═════ Input material
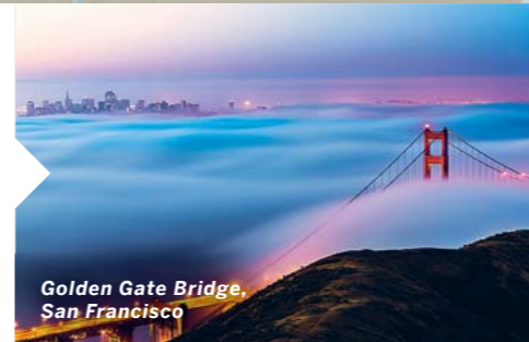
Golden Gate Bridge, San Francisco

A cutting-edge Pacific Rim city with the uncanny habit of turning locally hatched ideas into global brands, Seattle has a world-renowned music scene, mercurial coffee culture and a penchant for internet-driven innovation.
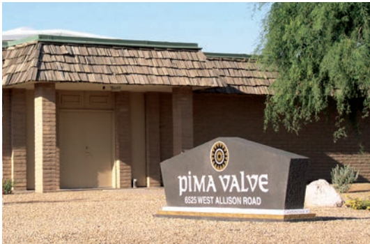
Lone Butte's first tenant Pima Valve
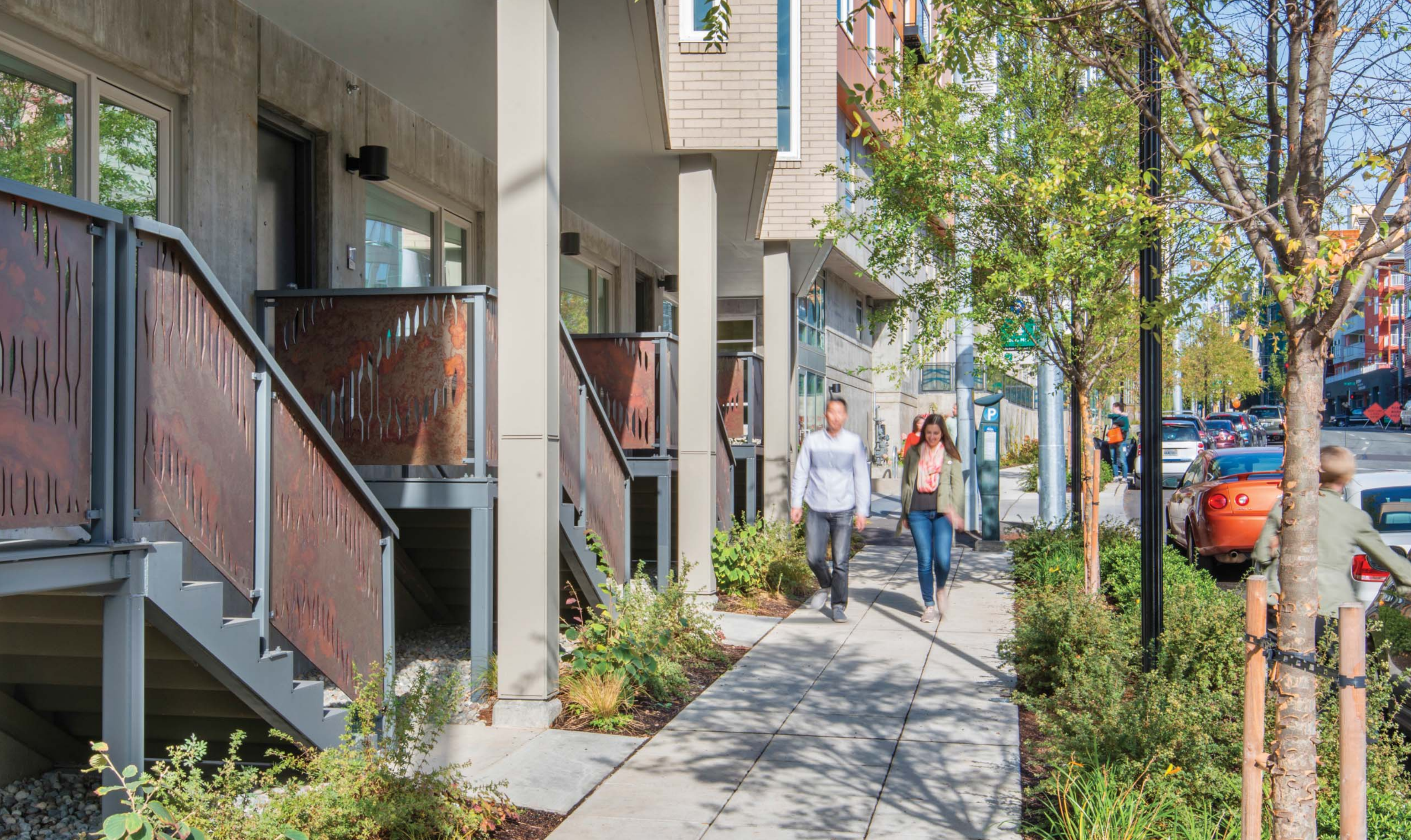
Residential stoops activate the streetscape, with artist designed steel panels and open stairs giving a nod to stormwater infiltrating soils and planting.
══════════
═════ Input material
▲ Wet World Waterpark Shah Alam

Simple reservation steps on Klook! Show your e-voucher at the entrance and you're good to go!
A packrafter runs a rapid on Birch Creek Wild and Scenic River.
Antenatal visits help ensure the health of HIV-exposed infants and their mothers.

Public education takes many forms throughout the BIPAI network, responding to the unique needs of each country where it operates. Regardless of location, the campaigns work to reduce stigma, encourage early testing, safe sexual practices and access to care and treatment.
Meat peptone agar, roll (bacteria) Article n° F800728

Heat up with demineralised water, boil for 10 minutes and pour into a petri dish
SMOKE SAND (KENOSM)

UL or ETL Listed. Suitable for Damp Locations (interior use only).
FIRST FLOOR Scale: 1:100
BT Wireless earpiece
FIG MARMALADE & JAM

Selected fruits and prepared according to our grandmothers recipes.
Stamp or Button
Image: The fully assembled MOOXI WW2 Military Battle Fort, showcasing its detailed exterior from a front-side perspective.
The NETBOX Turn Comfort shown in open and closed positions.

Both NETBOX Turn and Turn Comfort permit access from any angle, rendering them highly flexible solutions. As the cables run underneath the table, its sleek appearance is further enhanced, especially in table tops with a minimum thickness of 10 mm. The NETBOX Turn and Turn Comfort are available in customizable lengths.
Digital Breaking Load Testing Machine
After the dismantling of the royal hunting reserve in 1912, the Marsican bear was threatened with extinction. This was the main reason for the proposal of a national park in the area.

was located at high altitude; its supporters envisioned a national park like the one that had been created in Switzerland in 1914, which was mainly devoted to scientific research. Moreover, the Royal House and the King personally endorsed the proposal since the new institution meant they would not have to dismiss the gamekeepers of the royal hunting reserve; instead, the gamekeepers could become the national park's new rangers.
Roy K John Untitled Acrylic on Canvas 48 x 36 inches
══════════
═════ Input material
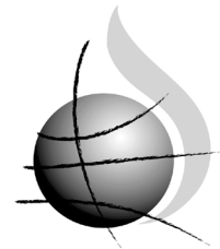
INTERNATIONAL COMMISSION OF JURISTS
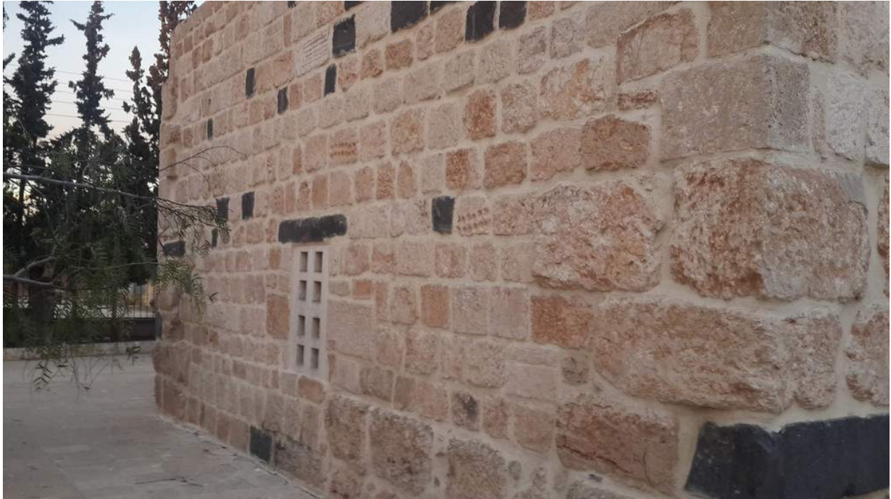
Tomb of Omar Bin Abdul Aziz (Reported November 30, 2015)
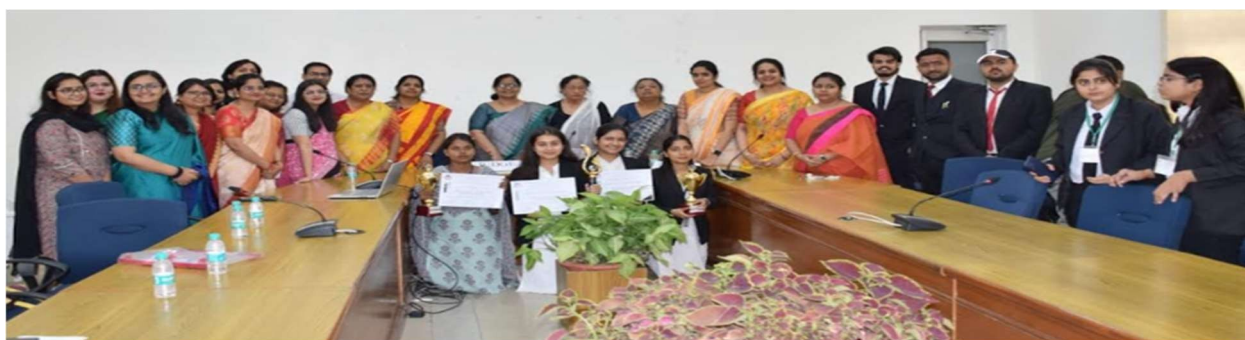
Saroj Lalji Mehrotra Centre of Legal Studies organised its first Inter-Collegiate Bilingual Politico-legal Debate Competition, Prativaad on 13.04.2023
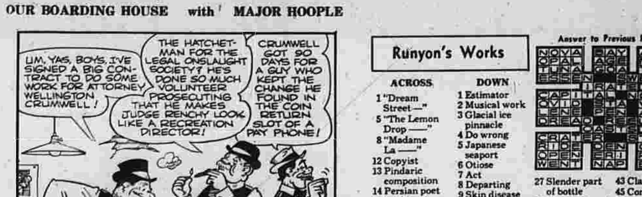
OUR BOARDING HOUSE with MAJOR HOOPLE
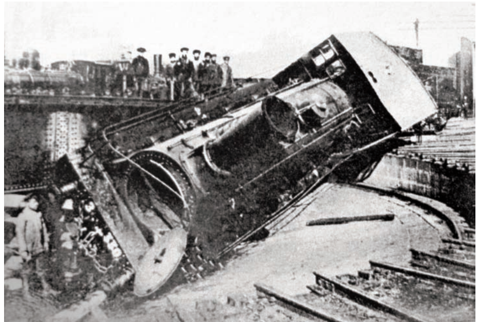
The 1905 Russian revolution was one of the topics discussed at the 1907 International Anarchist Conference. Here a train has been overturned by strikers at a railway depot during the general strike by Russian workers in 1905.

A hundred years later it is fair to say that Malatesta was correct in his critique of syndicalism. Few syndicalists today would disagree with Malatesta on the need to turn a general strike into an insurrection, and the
══════════
* _About this task_
Give the number of lines in the data that include the string "open", please, and nothing else.

* _Solution to this task_
2